I am dealing with similar task. Here are my findings that may be of help for somebody else.
- Somatic mutations are said to be spare and heterogeneous. So using them for clustering is not going to be straightforward task. Before jumping to clustering methods there are suggestions on how you may go to de-sparsify your data. For instance, knowledge on gene-gene network are usually considered for data de-sparsification . A detailed discussion could be find here. I am not-covering desparsification methods in this answer.
- It is tricky to cluster categorical data, because it could lead to non-sense and wrong conclusion!
- In contrast to classic clustering, your matrix here is not numerical. So you DONT allow to use common algorithms like k-mean clustering. If you apply , it wont complain about your data type and provide you result!
- Mutational matrix is binary or categorical.

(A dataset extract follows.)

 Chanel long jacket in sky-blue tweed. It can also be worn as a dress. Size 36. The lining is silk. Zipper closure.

These are steps needed for clustering:
Dissimilarity matrix calculation
In the first step you should calculate a dissimilarity matrix for clustering . Again there is difficulty regarding to math calculation on categorical/binary data. To do this, you would go for something called Gower distance. this method is available in cluster
R base package.
Also there are methods available in vegan
R package appropriate to be applied on binary data: binomial
, raup
and jaccard
. It depends on your data and your decision to chose what method.
Choosing Clustering algorithms
Choosing the clustering algorithm is the next step. For categorical data you would go for hierarchical clustering (either agglomerative or divisive approach). The final steps would be assessing the clustering result.

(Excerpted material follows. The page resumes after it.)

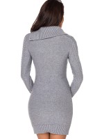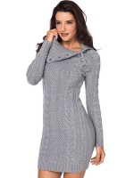 Grey Cable Sweater Dress with Asymmetric Collar

Below I am providing what I used for my case in short.
You did not provide details on your input data, so exact code is not possible to post here. But the following are the general steps you can follow to cluster your samples.
1- Making mutation count/binary matrix: In my case, I am dealing with TCGA data, and so there are maf files and could be converted to the matrix by maftools
package by mutCountMatrix
function.This will provide a count matrix. you may need to convert it to binary (0,1) code.
library(maftools)
mtx <- mutCountMatrix(maf, includeSyn = FALSE, countOnly = NULL, removeNonMutated = FALSE) #maf file contains mutation infor
#transpose mtx to have genes in columns and samples in row
mtx <- t(mtx)
#Convert counts to binary
mtx.b <- apply(mtx, 2, function(x) ifelse(x > 0, 1, x)) # So 0 = no, 1 =yes
2- Making dissimilarity matrix:
#gower by cluster package
library(cluster)
gower <- daisy(mtx.b, metric = c("gower"))
# binimoal by vegan package
library(vegan)
binomial <- vegdist(mtx.b, binary = TRUE, method = "binomial")
3- Applying clustering (most common agglomerative hierarchical clustering) and plotting
#gower
gower.aggl.clust<- hclust (gower, method = "complete")
plot(gower.aggl.clust, cex = 0.6, main = "Agglomerative, complete linkages")
#binomial
binom.aggl.clust<-hclust(binomial) #agglomerative clustering using complete linkage
plot(clust.res, cex = 0.6, main = "Agglomerative, complete linkages")
There are a lots of details one should be aware of them for clustering. For instances, how you would evaluate clustering result and .... I tried to provide some practical hints toward clustering of mutational data.
Any comment, modification and elaboration of this answer is appreciated in advance.
Try Affinity Propagation, it's basically magic..
Clustering is about grouping items by similarity/proximity. You need to define what similarity/proximity is relevant in your case, i.e. what should items in the same cluster share that would differentiate them from another cluster. This helps in selecting the similarity measure used for clustering. Then the selection of clustering algorithm can be dependent on some knowledge/assumption about the cluster structure.
Please include sample data and What do you expect the result to be and what was you result when you launch your analysis? With that answer we can improve your analysis.